Chapter 28
Two Many Peruvians

You can't tell the restaurants without a menu

In Union Square (which is, of course, triangular, see Chapter XX) there is a Peruvian restaurant. Or there are two Peruvian restaurants. Sort of. There are two restaurants in the same block that have the same name. One of them is a small, informal place, only eight or nine tables, serves a lunch-ish menu including many grilled meat items (grilled pork, grilled chicken, grilled gizzards, grilled beef heart, grilled tripe, etc., how authentic, yum, yum), and seems to be fairly popular. About five doors down the street is another restaurant of the same name, much larger, with a very different menu consisting mainly of seafood (fish, shrimp, mussels, ceviche, etc.). This one is a white-tablecloth sort of place, including a young hostess in native costume and higher prices.

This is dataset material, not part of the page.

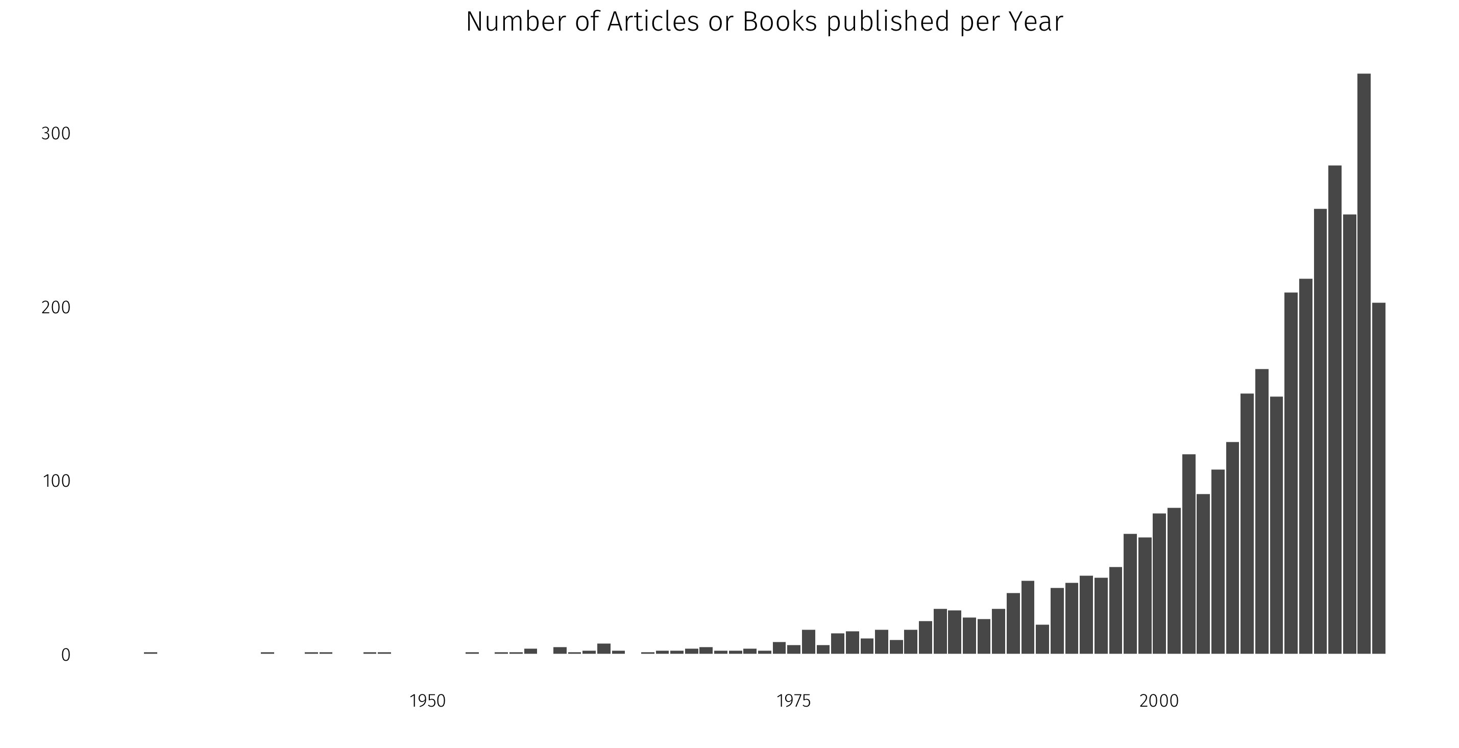 ggtitle("Number of Articles or Books published per Year") +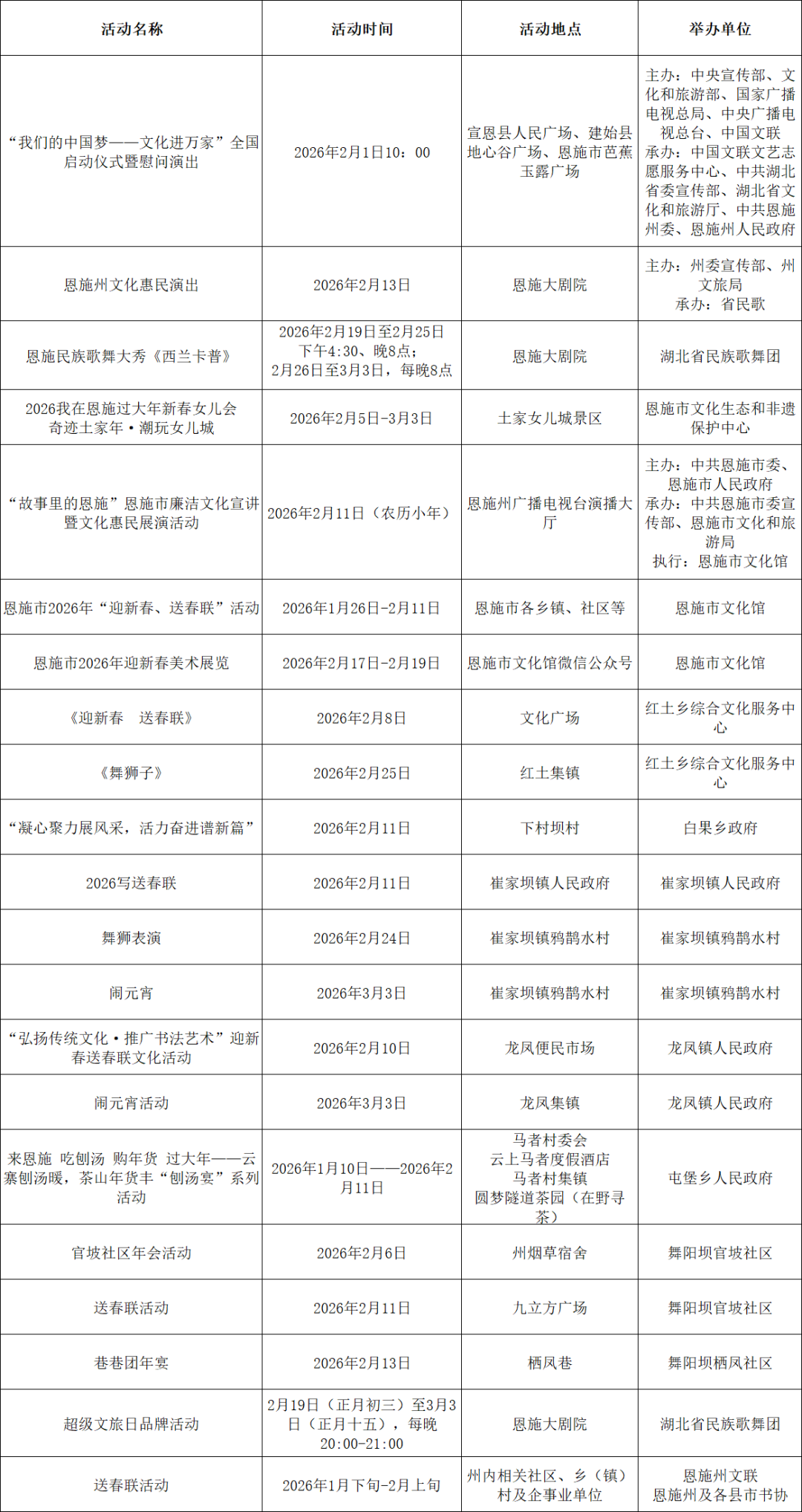文章核心观点 - 恩施州为迎接2026年马年春节,在全州八县市策划并组织了超过百场、形式多样且时间跨度长的系列文化娱乐活动,旨在营造节日氛围、丰富民众文化生活并促进文旅消费 [1][2][8] 活动规模与时间跨度 - 活动总数超过百场,在全州范围内形成“八县市联动,百场活动接力”的格局 [1] - 整体活动时间从2025年12月持续至2026年3月上旬,覆盖整个春节及元宵节周期 [1][3][4][6][7] 活动类型与内容 - **大型文艺演出与启动仪式**:包括国家级项目“我们的中国梦——文化进万家”全国启动仪式暨慰问演出,于2026年2月1日在宣恩县、建始县、恩施市三地同时举行 [1][3][5] - **专业剧场演出**:如恩施民族歌舞大秀《西兰卡普》在恩施大剧院从2月19日持续演出至3月3日 [1] - **民俗节庆与庙会**:各县市普遍举办元宵灯会、舞龙舞狮、非遗巡游、刨汤宴、新春歌会等传统民俗活动 [1][2][3][6][7] - **文化惠民与展览**:广泛开展送春联、美术书法摄影展、图书阅读、电影展播等公益活动,深入社区、乡镇 [1][2][3][4][6][8] - **体育健康活动**:包含迎新健康跑、欢乐跑、趣味运动会等体育过大年系列活动 [4][6][7] - **促消费活动**:结合“吃刨汤、购年货”主题,在多县市开展民俗美食促消费活动 [2][3][6] 主要举办地点 - **核心文化场馆**:恩施大剧院、各县市文化馆、图书馆、广场(如宣恩县人民广场、利川清风明月广场、建始船儿岛文化中心、咸丰皇城广场)是活动主要集中地 [1][2][3][5][6] - **旅游景区**:活动深入腾龙洞、地心谷、土家女儿城、仙佛寺、杨梅古寨等主要景区,实现文旅融合 [1][2][3][7] - **基层社区与乡镇**:活动广泛覆盖各乡镇、街道、社区及乡村,确保群众参与度 [1][2][3][4][6][7] 组织与参与单位 - **高级别主办单位**:部分活动由中央宣传部、文化和旅游部、国家广播电视总局、中央广播电视总台、中国文联等国家级单位主办 [1][3][5] - **地方政府与部门**:州、县(市)各级党委、政府、宣传部、文旅局是绝大多数活动的核心组织者 [1][2][3][4][5][6][7][8] - **专业团体与机构**:湖北省民族歌舞团、各级文联、书协、文化馆、图书馆、景区运营公司等具体承办和执行活动 [1][2][3][6][8] - **基层单位**:乡镇政府、社区居委会、村民委员会等基层组织是活动落地实施的关键力量 [1][2][3][4][6][7]

We were heading out to lunch, selected this one as a new place that would expand our restaurant list, and we went to what we thought was the right restaurant. We were completely fooled. When we had looked on the web, we noted one address right in the square, and that's where we headed. We saw one with the right name on it, it happened to be the lunch place, and that's where we stopped. If we had parked accidentally on a different street of the non-square square, we would have come upon the other restaurant first and gone in there. It was only by wandering around the neighborhood after lunch that we discovered our mistake. Well, not entirely a mistake. I mean, the food was quite good and we will go back. Or, rather, we will probably go back to the other one, that is, the dinner place, just to try items from a different menu.

I don't know the history of this split, which came first, the lunch place or the dinner place. I will ask about the history sometime .

No, I did not order the gizzards-heart-and-tripe special.